Espero que tenhas mais sorte do que eu, em cerca de 1 mês já se foi o sensor da humidade.


----------



## Thomar (25 Jan 2008 às 02:05)

Parabéns!!!   

Mais uma estação no distrito de Santarém! 

Que inveja!  
_(quem sabe um dia eu consiga colocar uma em Tomar!)_


----------



## lsalvador (25 Jan 2008 às 09:51)

Thomar disse:


> Parabéns!!!
> 
> Mais uma estação no distrito de Santarém!
> 
> ...



Oi, tenho essa intenção de o fazer  a saida da IC3, na zona das Cardelas, deves conhecer.


----------



## Thomar (25 Jan 2008 às 20:53)

lsalvador disse:


> Oi, tenho essa intenção de o fazer  a saida da IC3, na zona das Cardelas, deves conhecer.



Seria excelente! 

Essa zona é bem fria.  e dai até Ferreira do Zêzere as temperaturas mínimas são bastante interessantes...
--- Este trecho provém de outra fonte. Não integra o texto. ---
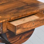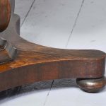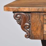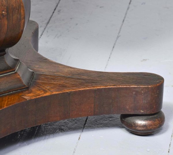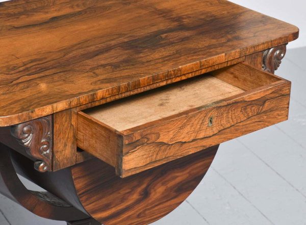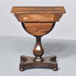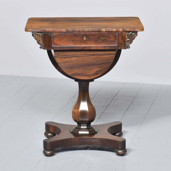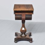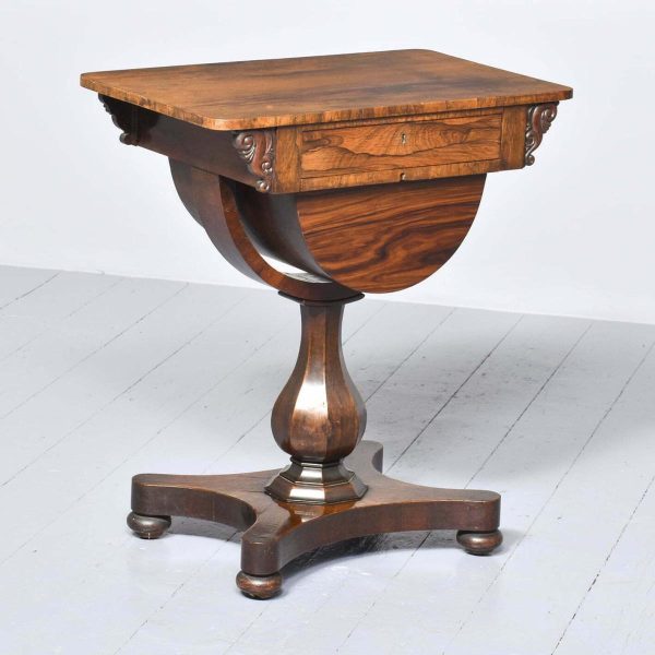 Circa 1840. William IV rosewood Victorian work box. The rectangular top with rounded edges in beautifully Brazilian rosewood above a frieze drawer with working lock and cedar lined drawer and a shaped sliding basket in figured rosewood. All supported on a shaped octagonal column over a quadripartite platform base with neat bun feet with hidden brass casters.

_(tive problemas com o meu computador por isso não respondi ao teu post de dezembro sobre o mesmo assunto, bem como pelos mesmos motivos tenho andando ausente do fórum)_


----------



## lsalvador (28 Jan 2008 às 13:01)

Thomar disse:


> Seria excelente!
> 
> Essa zona é bem fria.  e dai até Ferreira do Zêzere as temperaturas mínimas são bastante interessantes...
> 
> _(tive problemas com o meu computador por isso não respondi ao teu post de dezembro sobre o mesmo assunto, bem como pelos mesmos motivos tenho andando ausente do fórum)_




Nem digas nada, contadores da água rebentados (aqueles em ferro fundido) dentro da parede pelo gelo formado ja foram uns 4 ou mais, se não me engano a cerca de 4/5 anos, na mesma semana foram 2.

Imagine-se estão protegidos dentro de uma estrutura em cimento. Só tem uma portinha para abrir para lhe ter acesso.


----------